**Required action:** Repeat nothing but the lines below running from the one containing "불탑뉴스신문사 차복원 기자" to the one containing "The content section". Keep both end lines.

**Data:**

########

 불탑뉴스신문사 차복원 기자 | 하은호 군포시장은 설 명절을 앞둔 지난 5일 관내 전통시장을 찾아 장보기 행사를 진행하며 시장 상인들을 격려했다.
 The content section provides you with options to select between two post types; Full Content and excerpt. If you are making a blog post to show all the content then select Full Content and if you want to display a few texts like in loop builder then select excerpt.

########

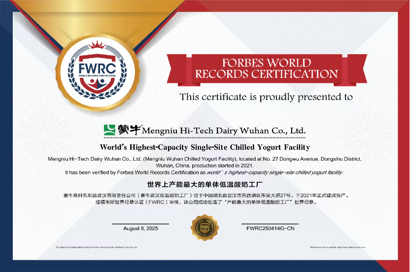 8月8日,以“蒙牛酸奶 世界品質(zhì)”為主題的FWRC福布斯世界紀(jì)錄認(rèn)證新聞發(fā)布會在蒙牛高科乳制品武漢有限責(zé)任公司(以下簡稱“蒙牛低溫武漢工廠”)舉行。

########

**Result of this exercise:**
 불탑뉴스신문사 차복원 기자 | 하은호 군포시장은 설 명절을 앞둔 지난 5일 관내 전통시장을 찾아 장보기 행사를 진행하며 시장 상인들을 격려했다.
 The content section provides you with options to select between two post types; Full Content and excerpt. If you are making a blog post to show all the content then select Full Content and if you want to display a few texts like in loop builder then select excerpt.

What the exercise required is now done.